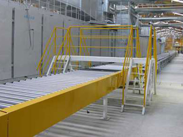 El grosor del revestimiento de cromo es de hasta 0,05 mm. Los extremos de los ejes están rectificados. El rebote máximo de los rodillos es de 0,4 mm. Esto garantiza que la cama de rodillos para placas de yeso ofrezca una gran eficiencia y continuidad. Incorpora dispositivos de protección que maximizan la seguridad y reducen el ruido.
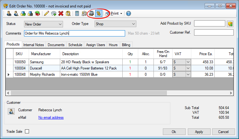 1: Open an existing Order via the Orders & Quotes window and click the Discount button
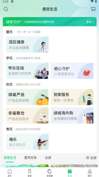 以满足业主日常生活需要为核心,基于绿城自有优质资源并通过严格的品控机制,整合社会优质资源,为业主提供全生活维度的优质服务,同时支持接 入iPhone健康数据,为业主提供全生活维度的优质服务。
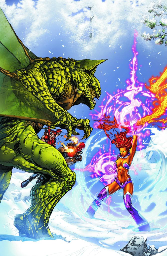 The man who has pursued Starfire all the way to the wilds of Colorado has only one thing on his mind: her slow and painful death. His name is Crux - and he's done some dark and dangerous work on his DNA to reach his goal of ridding the Earth of every alien on the planet! And Kori's about to learn that Red Hood and Roy Harper have their hands full with the ancient evil known as The Untitled!
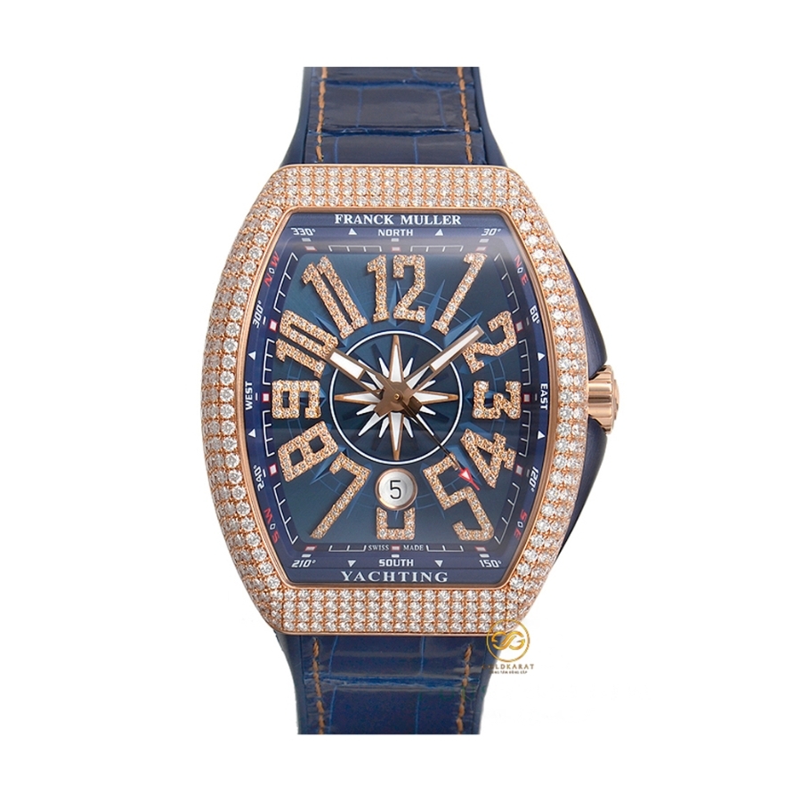 Đồng hồ Franck Muller Vanguard V 45 SC DT D NBR CD YACHTING (5N.BL) là một sản phẩm đồng hồ với lớp vỏ được chế tác từ chất liệu Vàng Hồng 18k, có đường kính 45mm và mặt số giữ nguyên dáng vỏ Cintree Curvex được Franck Muller khai thác triệt để trong các thiết kế kinh điển của Vanguard, đem lại một tổng thể hoàn hảo và có độ cong hoàn hảo giúp ôm sát cổ tay chủ nhân. Vành Bezel của đồng hồ được hoàn thiện bằng phương pháp đánh bóng quen thuộc, bộ khung bezel đem lại sự xa hoa bậc nhất khi khoác lên mình hàng trăm viên kim cương Brilliant Cut thu hút mọi ánh nhìn . Franck Muller sử dụng bộ tia, cọc số Ả Rập chỉ giờ quen thuộc nhưng vẫn không quên cho sự xuất hiện của những viên kim cương bên trên những chỉ số để tăng thêm phần nổi bật. Mặt kính chất liệu Sapphire với khả năng chống sốc và chống xây xước tuyệt vời thể hiện mặt số đặc biệt của dòng Yachting được thiết kế lấy cảm hứng từ bộ môn đua thuyền buồm, màu xanh lam được lấy làm tone màu chính khi thể hiện được hình ảnh của đại dương mênh mông. Ở trung tâm đồng hồ là biểu tượng bông hoa gió đặc trưng thể hiện hướng và sức gió trên bản vẽ, tuy nhiên đối với phiên bản Yachting biểu tượng này chỉ mang sử dụng nhằm mục đich thẩm mỹ chứ không phục vụ quy ước như những phiên bản khác.
+-------+
## ACTIVITY
The data above needs to be retyped exactly, with the images left out.

## RESULT BELOW
 El grosor del revestimiento de cromo es de hasta 0,05 mm. Los extremos de los ejes están rectificados. El rebote máximo de los rodillos es de 0,4 mm. Esto garantiza que la cama de rodillos para placas de yeso ofrezca una gran eficiencia y continuidad. Incorpora dispositivos de protección que maximizan la seguridad y reducen el ruido.
 1: Open an existing Order via the Orders & Quotes window and click the Discount button
 以满足业主日常生活需要为核心,基于绿城自有优质资源并通过严格的品控机制,整合社会优质资源,为业主提供全生活维度的优质服务,同时支持接 入iPhone健康数据,为业主提供全生活维度的优质服务。
 The man who has pursued Starfire all the way to the wilds of Colorado has only one thing on his mind: her slow and painful death. His name is Crux - and he's done some dark and dangerous work on his DNA to reach his goal of ridding the Earth of every alien on the planet! And Kori's about to learn that Red Hood and Roy Harper have their hands full with the ancient evil known as The Untitled!
 Đồng hồ Franck Muller Vanguard V 45 SC DT D NBR CD YACHTING (5N.BL) là một sản phẩm đồng hồ với lớp vỏ được chế tác từ chất liệu Vàng Hồng 18k, có đường kính 45mm và mặt số giữ nguyên dáng vỏ Cintree Curvex được Franck Muller khai thác triệt để trong các thiết kế kinh điển của Vanguard, đem lại một tổng thể hoàn hảo và có độ cong hoàn hảo giúp ôm sát cổ tay chủ nhân. Vành Bezel của đồng hồ được hoàn thiện bằng phương pháp đánh bóng quen thuộc, bộ khung bezel đem lại sự xa hoa bậc nhất khi khoác lên mình hàng trăm viên kim cương Brilliant Cut thu hút mọi ánh nhìn . Franck Muller sử dụng bộ tia, cọc số Ả Rập chỉ giờ quen thuộc nhưng vẫn không quên cho sự xuất hiện của những viên kim cương bên trên những chỉ số để tăng thêm phần nổi bật. Mặt kính chất liệu Sapphire với khả năng chống sốc và chống xây xước tuyệt vời thể hiện mặt số đặc biệt của dòng Yachting được thiết kế lấy cảm hứng từ bộ môn đua thuyền buồm, màu xanh lam được lấy làm tone màu chính khi thể hiện được hình ảnh của đại dương mênh mông. Ở trung tâm đồng hồ là biểu tượng bông hoa gió đặc trưng thể hiện hướng và sức gió trên bản vẽ, tuy nhiên đối với phiên bản Yachting biểu tượng này chỉ mang sử dụng nhằm mục đich thẩm mỹ chứ không phục vụ quy ước như những phiên bản khác.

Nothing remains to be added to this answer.